Self-centering is a natural thing that we all do as individual human beings. Our egos make us see things from a self-centred view: How is this important to me as an individual? However, white centering is a collective ego that asks the question how is it important to us white people.
When I read books, I often stay on a topic or genre for a while. One book leads to another which leads to another. My freshman year of college, I read The Autobiography of Malcolm X for the second time (having read it as a sophomore in high school). I carried the battered copy I owned (and still own) with me from class to class and read for a few minutes before each class started, only prying myself away when the teacher began to lecture.
That book led me to books about Marcus Garvey, MLK Jr, Medgar Evers. And then I wandered down the rabbit hole with Alice Walker, Toni Morrison, and Octavia Butler. Which then led me to my all time love of Maya Angelou.

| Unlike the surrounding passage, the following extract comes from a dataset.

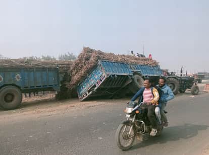 एमएफ हाईवे पर बनकोटा गांव के पास कोहरे में पलटी गन्ने से लदी ट्राली। संवाद

But I was made fun of repeatedly in this little southern college town. I was teased for reading black literature BY CHOICE and often my being from liberal California was called out. But for me it was less about the differences and more about authors who’s voices I’d never heard and a depth that I was drawn into of story.
When I consider White Centering and the interview that Saad talks about with Toni Morrison about when she would begin to write stories that were relevant to white people, my stomach tightens and I realize how my own choices and interests have made me unable to see that for most of us white people, we assume that the art around us will be from white people and made relevant specifically to us…or it doesn’t have value.
There is something so fucking fundamental about changing this that is needed. For ALL of us to be better, but certainly to increase space and safety for the art of those who are NOT WHITE. To value the stories of BIPOC is so key to our own growth and understanding.